There may be a huge legal glitch, although it might be in the City's eventual favour, albeit this is from the dissenting opinion that I've quoted prior. The glitch? That land may be Federal, at least in regulation! (How that affects air rights is an entirely other question, but the Feds just might want to be included in this scheme. They'd certainly bring massive legal weight to the situation, as well as funding, and perhaps the InfraBank)(The present day Railway Act alludes to RoW and by extension, air-rights, as being within their purview, although that might have to be tested in court. This is the case with all federally regulated lands)

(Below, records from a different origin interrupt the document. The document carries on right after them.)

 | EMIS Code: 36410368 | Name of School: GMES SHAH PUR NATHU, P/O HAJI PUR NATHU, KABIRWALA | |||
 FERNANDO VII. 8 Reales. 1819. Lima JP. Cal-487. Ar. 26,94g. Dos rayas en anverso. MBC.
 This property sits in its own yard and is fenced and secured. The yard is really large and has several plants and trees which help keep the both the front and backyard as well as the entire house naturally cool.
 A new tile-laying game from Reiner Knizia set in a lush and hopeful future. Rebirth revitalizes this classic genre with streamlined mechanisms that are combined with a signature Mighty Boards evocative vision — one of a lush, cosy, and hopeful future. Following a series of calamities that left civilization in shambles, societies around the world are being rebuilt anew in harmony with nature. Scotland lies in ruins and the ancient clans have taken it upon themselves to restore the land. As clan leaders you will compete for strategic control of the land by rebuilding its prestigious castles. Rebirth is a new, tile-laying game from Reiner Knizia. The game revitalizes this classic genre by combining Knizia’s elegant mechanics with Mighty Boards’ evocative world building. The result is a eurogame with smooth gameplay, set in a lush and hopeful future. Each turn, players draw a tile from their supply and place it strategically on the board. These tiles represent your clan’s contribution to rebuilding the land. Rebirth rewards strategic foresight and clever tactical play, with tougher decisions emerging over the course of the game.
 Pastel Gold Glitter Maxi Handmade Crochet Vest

https://scc-csc.lexum.com/scc-csc/scc-csc/en/9855/1/document.do
Edit to Clarify: What the SCC case above is about is not whether the railways own their RoW along the 'Esplanade Viaduct', they are accorded no ownership thereof, it's the *cost* of building the structure that is being challenged, specifically in this case by Grand Trunk Railway and Canadian Pacific Railway, who claim the City should pay for the structure, not them as prescribed by the Railway Board.

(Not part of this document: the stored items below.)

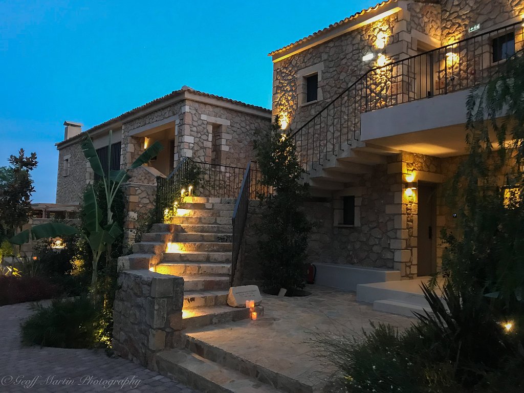 Στόχος της ομάδας μας ήταν να σχεδιάσει και να υλοποιήσει ένα ολοκληρωμένο σχέδιο φωτισμού, το οποίο θα αναδείκνυε την παραδοσιακή αρχιτεκτονική και τις πέτρινες υφές του ξενοδοχείου. Επιπλέον, τα φωτιστικά σώματα και οι διακόπτες επιλέχθηκαν βάσει τεχνικών χαρακτηριστικών και αντοχής απέναντι στις διάφορες καιρικές συνθήκες (σκόνη-υγρασία).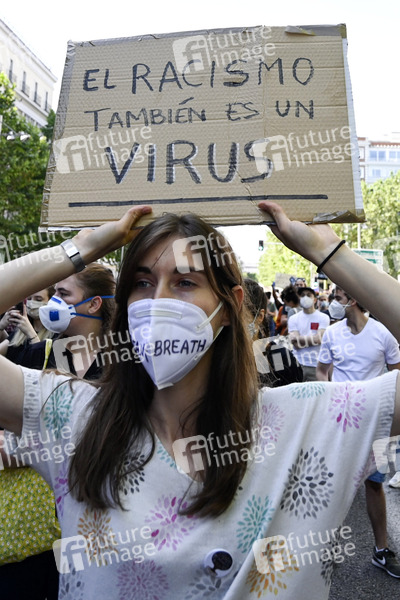 'Black Lives Matter' Demonstration gegen Polizeigewalt und Rassismus nach dem Tod des Afroamerikaners George Floyd vor der US-Botschaft. Madrid, 07.06.2020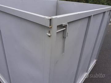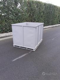 cassa metallica ripieghevole, facilissima da smontare. misure 146 x 112 cm altezza 110 cm i 4 lati si possono smontare facilmente. portata 800 kg per mille usi ne ho più di una. utile per mettere materassini, salvagenti ecc...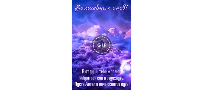 Анимированная открытка "Волшебных снов! Я от души тебе желаю набраться сил и отдохнуть... Пусть Ангел в ночь осветит путь!"
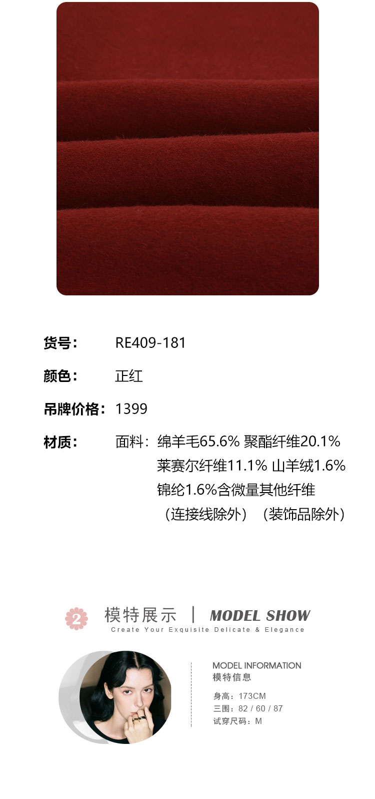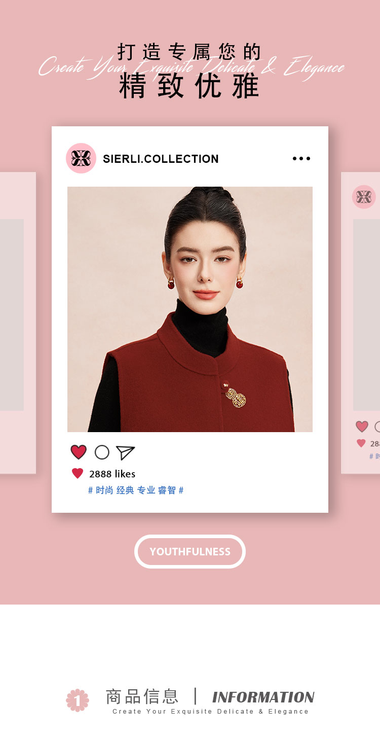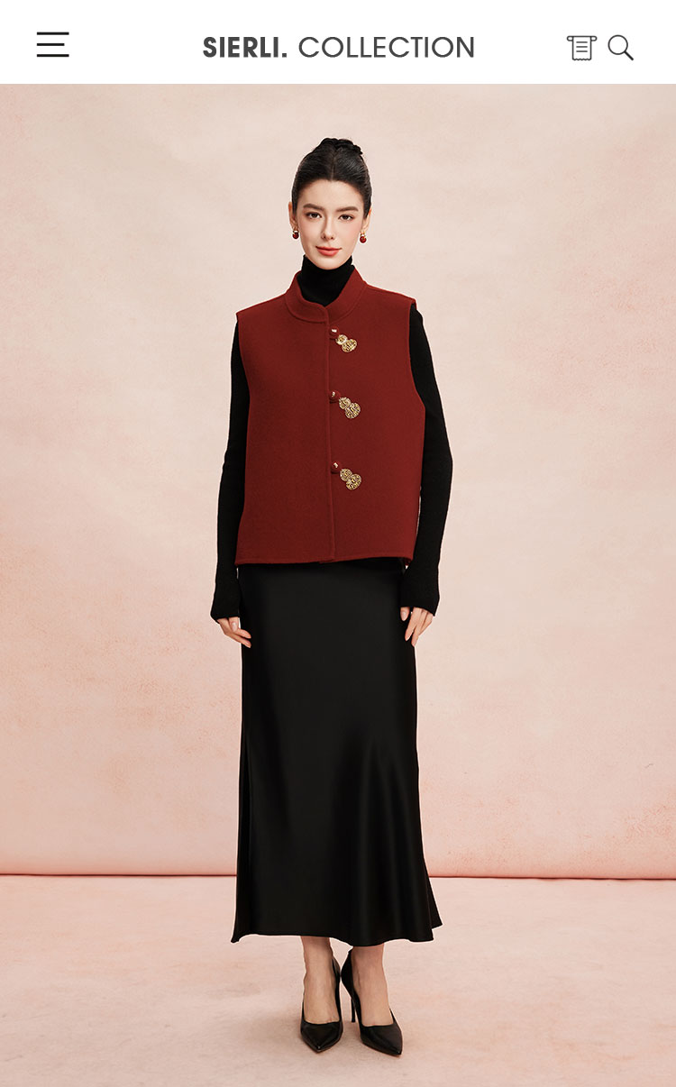 RE409斯尔丽26新款含山羊绒传统手工钉绣新中式双面手工马夹

Whether that structure is owned by the railways is something I've yet to discover in the case, ("for the Good of Canada" indicates not) but it's a moot point as to air-rights, as the land belongs to the City, granted initially by the Feds to the City via the Province. I don't have direct reference to that handy, but here is indirect reference in another Supreme Court case:
Supreme Court of Canada
Adamson v. Rogers, 26 S.C.R. 159
Date 1896-03-24
[...]
1857, 20 Vic. ch. 80, intituled
an Act to amend the Act conveying to the city of Toronto certain water lots, with power to the said city for the construction of an esplanade and to enable the said city to locate the Grand Trunk railroad and other railroads along the frontage of the said city,—
https://scc-csc.lexum.com/scc-csc/scc-csc/en/3224/3/document.do
*Apparently*, even being City owned, the regulation of that land, and the air-rights above it appear to reside in the Railway Act for as long as that land is used as a federally regulated railway right of way.